Amending the ECPA: 2017 technology versus 1986 law

From the about-damned-time department:

TechCrunch recently reported that a long-needed update to the Electronic Communications Privacy Act (ECPA) has passed the House of Representatives, a good sign that the bill may actually be signed into law this year.

Unfortunately, the roadblock to passing this bill in 2016 was that the Senate wanted to water down the bill, crippling the gain in privacy that is the whole reason why the bill exists. It is only common sense, in the era of providers like Gmail offering quotas that are effectively infinite thus allowing people to keep everything, that email is just as protected from warrantless searches as any other personal electronic data.

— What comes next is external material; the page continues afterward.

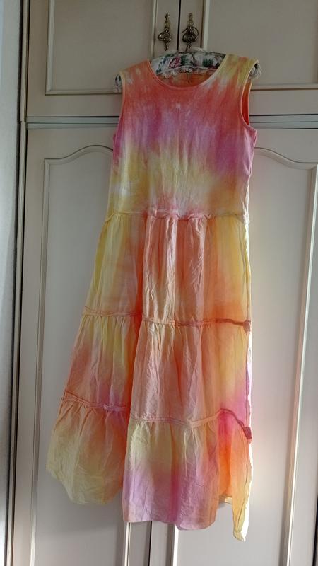 Нежное и радостное натуральное хлопковое платье. Очень удобная и одновременно красивая. Длинная, в пол. Стан - новая без бирки. Отсутствие света погладить, единственный недостаток) Размер - М, но красиво садится и на S. Сверху трикотаж, мягкий и нежный типа футболка, снизу тоненькая хлопковая юбочка.
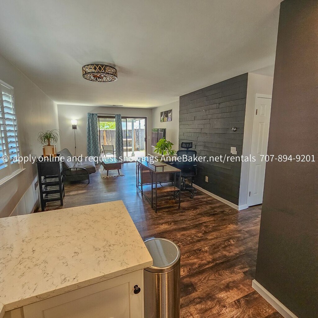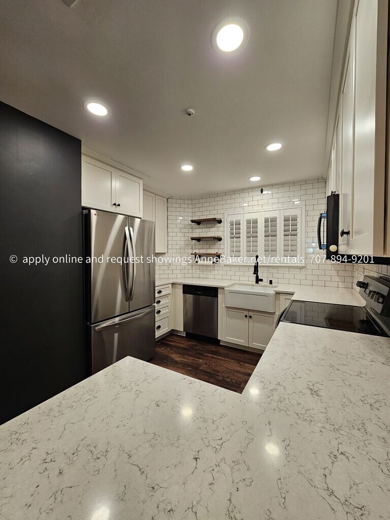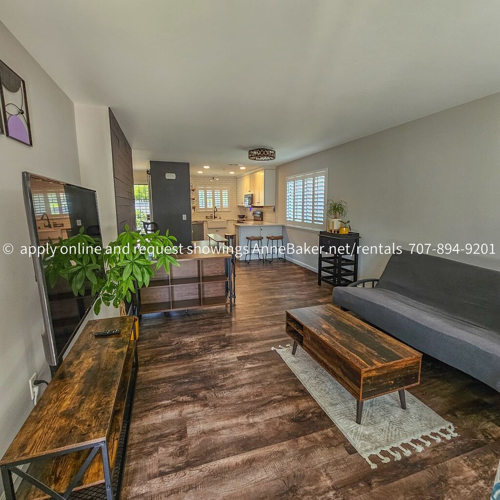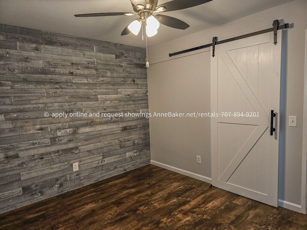 Welcome to this exquisitely updated condo in Cloverdale, CA. This one-story, end-unit, features 2 bedrooms and 2 full bathrooms, with a fenced yard that includes an exterior gate and a covered pergola for outdoor enjoyment. The interior is gorgeous! Decked with new vinyl plank flooring, feature walls, barn doors, new fixtures and appliances, it's obvious the owner has spared no expense. The kitchen and both bathrooms have been fully renovated. You will love what you see. The front of the home includes a security screen door. The HOA dues are paid by the owner and include an additional storage locker, a rare find in Cloverdale Meadows. One assigned covered and one assigned uncovered parking space along with garbage receptacles are included with this rent. The HOA tends to yard maintenance in common areas. Don't miss out on this must-see beautiful condo. Residents can take advantage of the community pool, community room, greens spaces and nearby off-site amenities. With close proximity to shopping, parks, public transportation, restaurants, and highways, this condo offers convenience and comfort.

I can’t think of a good reason why emails over 180 days old should be legally obtainable with just a subpoena instead of an actual warrant. This is one reason I have not kept emails on other servers for anything approaching the 180 days in the ECPA. (Interestingly, the other big reason is space: I currently only have emails going back to 2016 November 22 and later, and I’m at 76% quota used. As much as I get right now, I could not keep 180 days’ worth of email on the server I’m using if I wanted to.)

The ECPA is now over three decades old. Its effective date of 1986 October 21 predates widespread public access to the Internet by almost a full decade. The laws which amended it did nothing to amend the 180 day subpoena rule, which is ass-backwards and patently devoid of sense. Even if it did make sense in late 1986, the world has changed a lot in the three decades since. For example: in 1986 UUCP and FidoNet were the predominant forms of exchanging email (unless one was emailing someone on the same BBS that one was dialed into), and today, both are extinct for practical purposes with the impending death of analog telephone lines (though FidoNet still technically exists, most of its traffic now goes across the Internet). The sooner we can get a law that is tuned to the reality of living in 2017 with a connection to the Internet, the better.

Revolt against the black-box era

A recent TechCrunch article highlights the efforts of a site called iFixit, which provides instructions for users to repair their own gadgets instead of sending them back to the manufacturer and paying a (usually rather steep) fee for repairs.

Given that some manufacturers such as Apple intend battery changes to be done at the factory now (something unheard of as recently as 2005), this is a welcome step in the right direction. It’s great that we have someone willing to challenge what’s becoming a new status quo, but kind of sad that we’ve gotten to this point to begin with.

I remember my first computer, the Atari 1200XL, and the printer we bought for it (which I wound up not really using that often), and for that matter the printer we bought for our first PC (a Packard Bell 80286-based unit with a whopping 1 megabyte of RAM and a 40 megabyte hard drive, which were huge in a world where the new 3½ floppy disks that held 1.44 megabytes were just catching on). Both printer came with all kinds of documentation on exactly what codes to send to it to change the font or text size. There was no messing around with proprietary Windows drivers as most programs ran under DOS and wrote to the printer directly. It was expected, particularly in the case of consumer level computer equipment, that one receive programming documentation; a lot of hobbyists programmed in lower level languages at least in part (I remember fondly writing assembler language subroutines to speed up dog-slow interpreted BASIC programs).

Fast forward to 2010. A fair amount of the software support for GNU/Linux and the many BSD Unixes is obtained from reverse engineering. Sometimes manufacturers play nice and provide the appropriate documentation. But too many, particularly in the case of 3D-accelerated video cards and wireless networking, consider that documentation a trade secret or (in the latter case) cite liability concerns under FCC or equivalent government regulations. Thankfully, there are some that don’t.

We’ve gone from appliances that came with schematics to Apple’s iPod and iPhone coming sealed except for the SIM card opening of the latter (and how to open even that is not obvious without doing research), Microsoft’s Zune being equally obnoxious when it comes to battery replacement, and many other devices with appearances of being designed in the presence of someone whose job it is to say “to hell with the user being able to fix it, we can charge them to fix it at our factory and make even more profit.” Even cars are not immune, I can only imagine what my grandfather would think about today’s cars lacking something simple like an idle adjustment screw (which has been extinct even as of my 1997 Ford Thunderbird, and I would assume anything more recent as well).

The iFixit site is a step in the right direction, but the ultimate responsibility for a change in trend comes from the manufacturers, and the manufacturers only speak one language in the end: money. Ultimately, the responsibility is on us. Vote with your feet and pocketbook.